● Problem description
Please give the lines below again exactly as they stand, from the one that contains "Novou sochu před" up to and including the one that contains "психогенних психічних розладів.", leaving all pictures out.

● Data
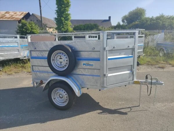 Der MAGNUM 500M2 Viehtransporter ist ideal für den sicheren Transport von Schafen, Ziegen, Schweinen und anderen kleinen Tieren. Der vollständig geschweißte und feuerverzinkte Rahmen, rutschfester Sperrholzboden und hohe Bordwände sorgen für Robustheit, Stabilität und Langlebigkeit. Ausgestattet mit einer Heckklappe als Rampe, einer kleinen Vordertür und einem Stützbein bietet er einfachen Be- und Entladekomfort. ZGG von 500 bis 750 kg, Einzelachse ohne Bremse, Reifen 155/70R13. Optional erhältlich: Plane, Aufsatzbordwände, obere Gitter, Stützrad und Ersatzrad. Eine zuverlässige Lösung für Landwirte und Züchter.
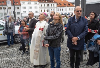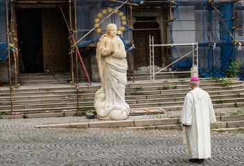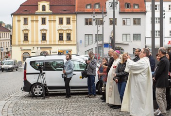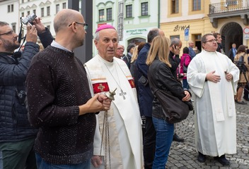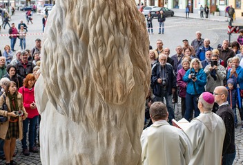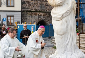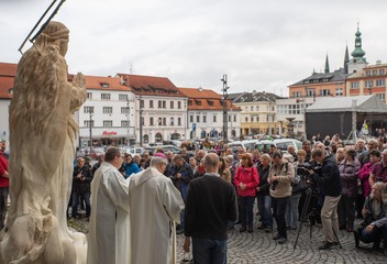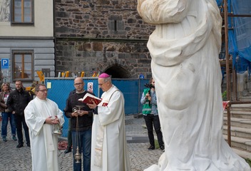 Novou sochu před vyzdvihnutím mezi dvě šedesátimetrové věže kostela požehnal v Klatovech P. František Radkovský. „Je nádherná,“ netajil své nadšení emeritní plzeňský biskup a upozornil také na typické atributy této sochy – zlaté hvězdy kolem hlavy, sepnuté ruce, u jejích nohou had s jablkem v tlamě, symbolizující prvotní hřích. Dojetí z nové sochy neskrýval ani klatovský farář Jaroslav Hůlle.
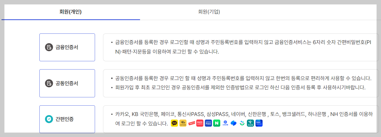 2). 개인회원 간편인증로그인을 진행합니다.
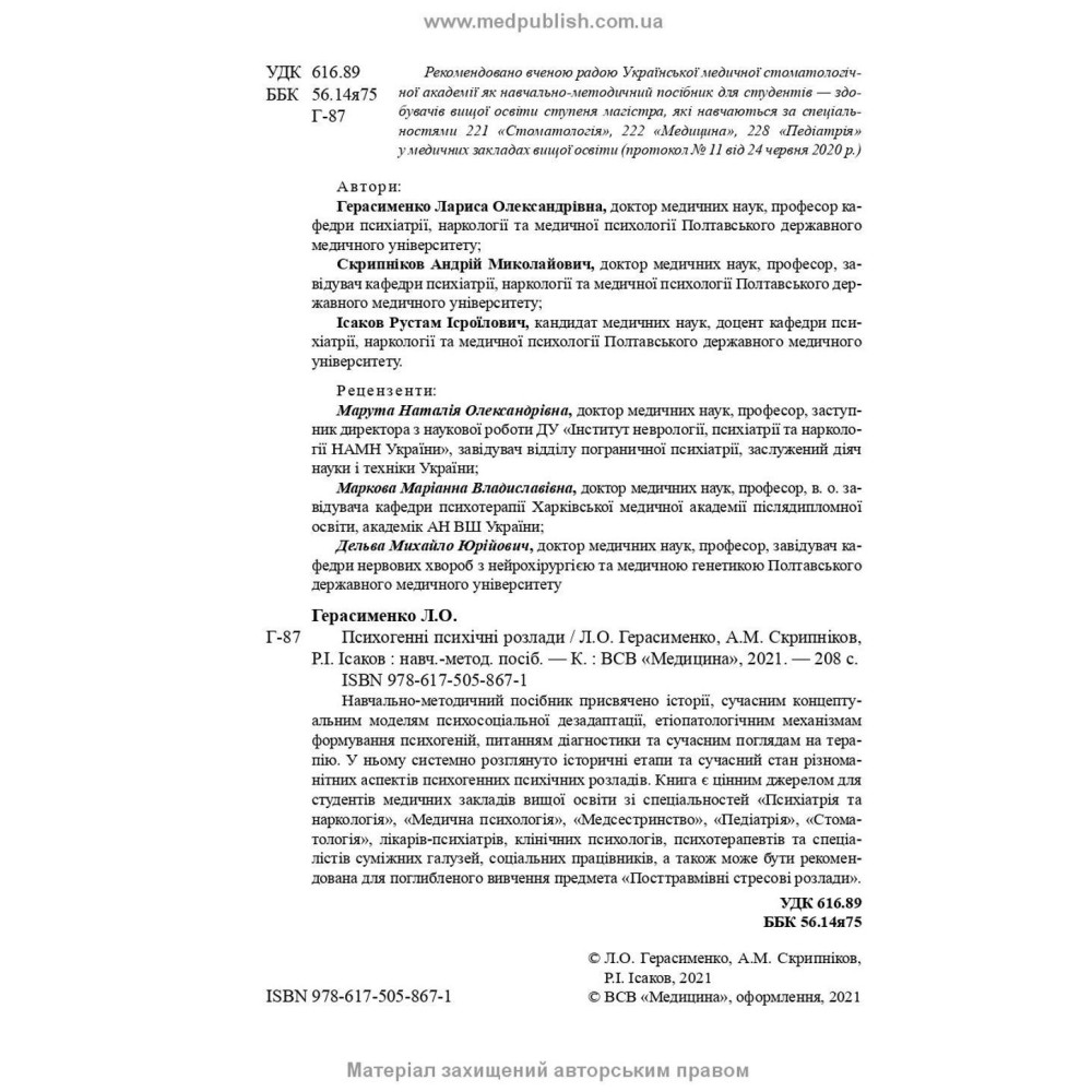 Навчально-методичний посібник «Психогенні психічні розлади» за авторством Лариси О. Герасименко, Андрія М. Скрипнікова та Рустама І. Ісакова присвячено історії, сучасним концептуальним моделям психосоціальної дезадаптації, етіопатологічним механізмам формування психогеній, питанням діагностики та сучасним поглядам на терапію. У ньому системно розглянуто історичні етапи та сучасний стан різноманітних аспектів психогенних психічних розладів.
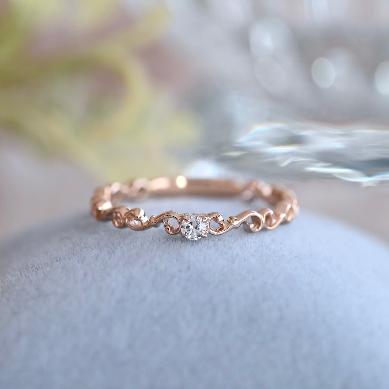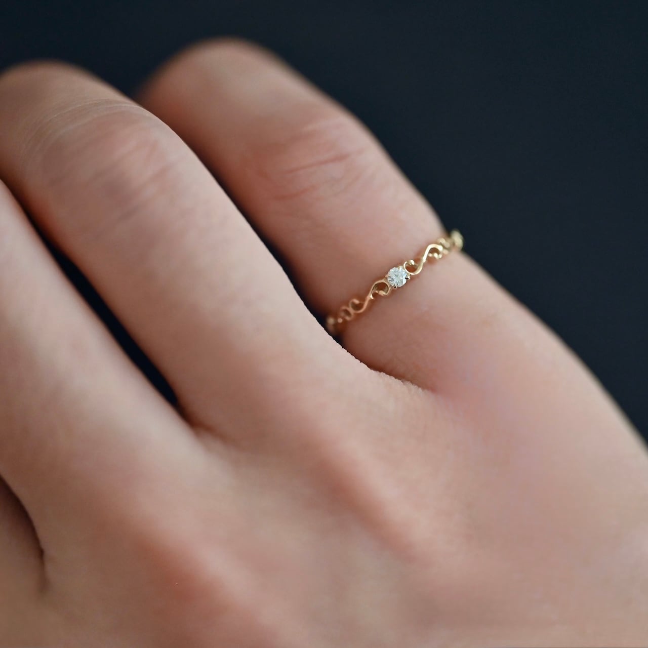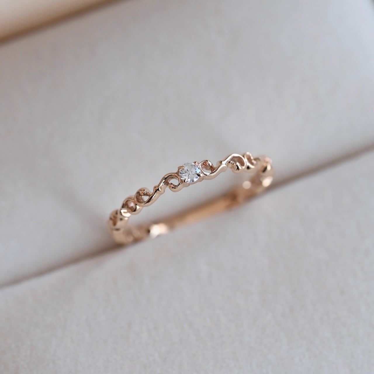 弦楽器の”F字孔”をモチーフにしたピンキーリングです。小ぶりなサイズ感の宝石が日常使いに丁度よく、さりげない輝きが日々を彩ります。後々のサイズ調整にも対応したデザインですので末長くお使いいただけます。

● Answer to this exercise
 Novou sochu před vyzdvihnutím mezi dvě šedesátimetrové věže kostela požehnal v Klatovech P. František Radkovský. „Je nádherná,“ netajil své nadšení emeritní plzeňský biskup a upozornil také na typické atributy této sochy – zlaté hvězdy kolem hlavy, sepnuté ruce, u jejích nohou had s jablkem v tlamě, symbolizující prvotní hřích. Dojetí z nové sochy neskrýval ani klatovský farář Jaroslav Hůlle.
 2). 개인회원 간편인증로그인을 진행합니다.
 Навчально-методичний посібник «Психогенні психічні розлади» за авторством Лариси О. Герасименко, Андрія М. Скрипнікова та Рустама І. Ісакова присвячено історії, сучасним концептуальним моделям психосоціальної дезадаптації, етіопатологічним механізмам формування психогеній, питанням діагностики та сучасним поглядам на терапію. У ньому системно розглянуто історичні етапи та сучасний стан різноманітних аспектів психогенних психічних розладів.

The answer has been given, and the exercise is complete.